━━━ PROVIDED ENTRIES

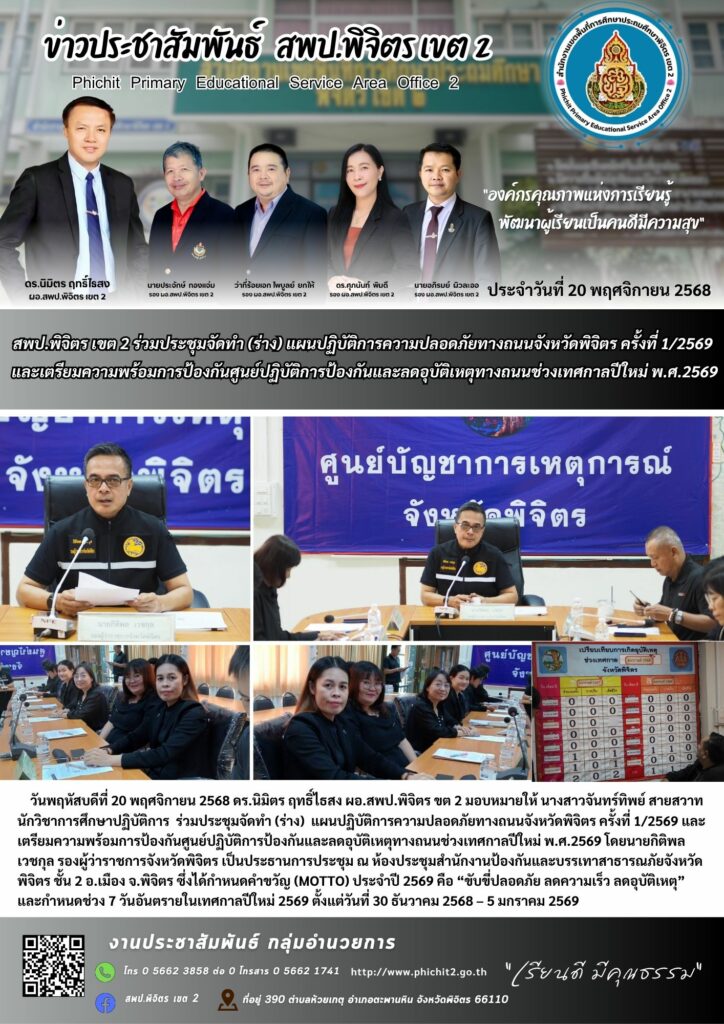สพป.พิจิตร เขต 2 ร่วมประชุมจัดทำ (ร่าง) แผนปฏิบัติการความปลอดภัยทางถนนจังหวัดพิจิตร ครั้งที่ 1/2569 และเตรียมความพร้อมการป้องกันศูนย์ปฏิบัติการป้องกันและลดอุบัติเหตุทางถนนช่วงเทศกาลปีใหม่ พ.ศ.2569
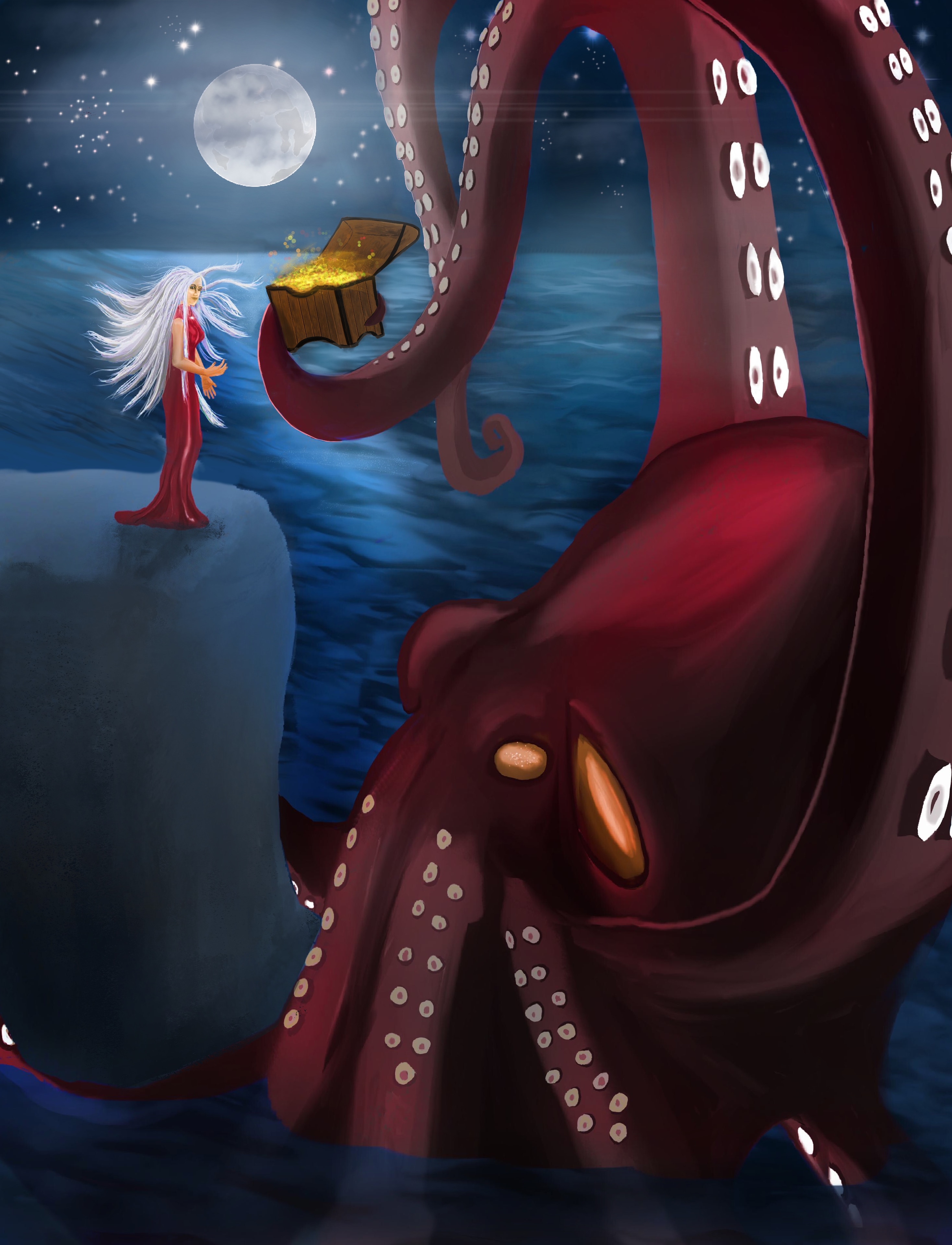 L’illustration présente le moment où le kraken vient offrir le trésor à Katryna, en gage d’amour.
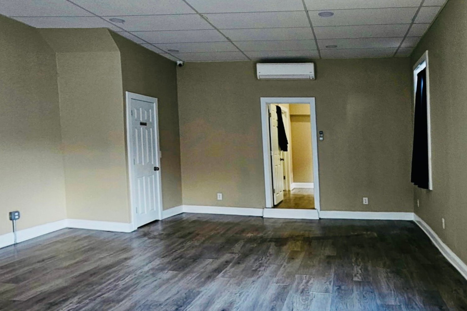 Floor plan: Open commercial space with powder room and private office
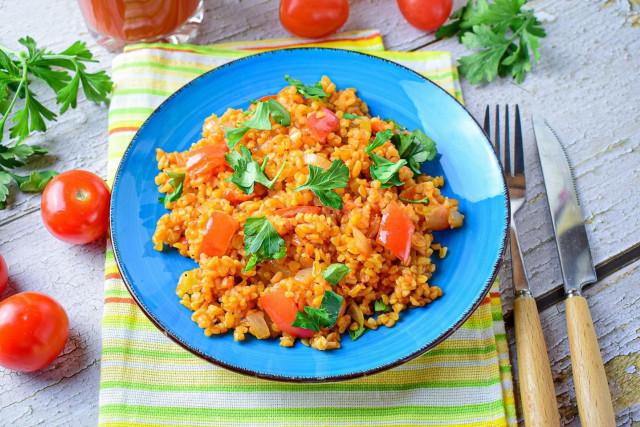 С томатным вкусом, на скорую руку, легко и просто! Булгур по турецки - это замечательный гарнир. В сочетании с соком томатов блюдо приобретает новый интересный вкус. Количество и состав овощей можно легко изменять под свои вкусы и предпочтения.
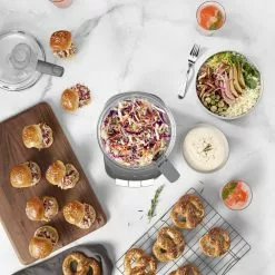 Power through pesto, homemade nut butter, ground meats, and more with the Cuisinart Core Custom 10 Cup Multifunction Food Processor in Anchor Grey! This food processor features a wide mouth feed tube, control paddles, a versatile motor platform, and a sealing lid that prevents spills and splatters. The control paddles offer low, high, mix, and pulse functionality. With a 10-cup capacity, this food processor is equipped to handle 10 cups of sliced or shredded food, 6 cups of chopped food, or 2.5 cups of dough. The innovative motor platform allows this machine to use multiple functions, attachments, and accessories. Each removable part is dishwasher-safe, making cleanup a breeze! Whether you’re making cookies, kneading dough, or making salsa, simplify the process with the Cuisinart Core Custom 10 Cup Multifunction Food Processor!

━━━━━━

=== ACTIVITY ===
Everything in the records except the pictures should be retyped exactly.

=== TASK ANSWER ===
สพป.พิจิตร เขต 2 ร่วมประชุมจัดทำ (ร่าง) แผนปฏิบัติการความปลอดภัยทางถนนจังหวัดพิจิตร ครั้งที่ 1/2569 และเตรียมความพร้อมการป้องกันศูนย์ปฏิบัติการป้องกันและลดอุบัติเหตุทางถนนช่วงเทศกาลปีใหม่ พ.ศ.2569
 L’illustration présente le moment où le kraken vient offrir le trésor à Katryna, en gage d’amour.
 Floor plan: Open commercial space with powder room and private office
 С томатным вкусом, на скорую руку, легко и просто! Булгур по турецки - это замечательный гарнир. В сочетании с соком томатов блюдо приобретает новый интересный вкус. Количество и состав овощей можно легко изменять под свои вкусы и предпочтения.
 Power through pesto, homemade nut butter, ground meats, and more with the Cuisinart Core Custom 10 Cup Multifunction Food Processor in Anchor Grey! This food processor features a wide mouth feed tube, control paddles, a versatile motor platform, and a sealing lid that prevents spills and splatters. The control paddles offer low, high, mix, and pulse functionality. With a 10-cup capacity, this food processor is equipped to handle 10 cups of sliced or shredded food, 6 cups of chopped food, or 2.5 cups of dough. The innovative motor platform allows this machine to use multiple functions, attachments, and accessories. Each removable part is dishwasher-safe, making cleanup a breeze! Whether you’re making cookies, kneading dough, or making salsa, simplify the process with the Cuisinart Core Custom 10 Cup Multifunction Food Processor!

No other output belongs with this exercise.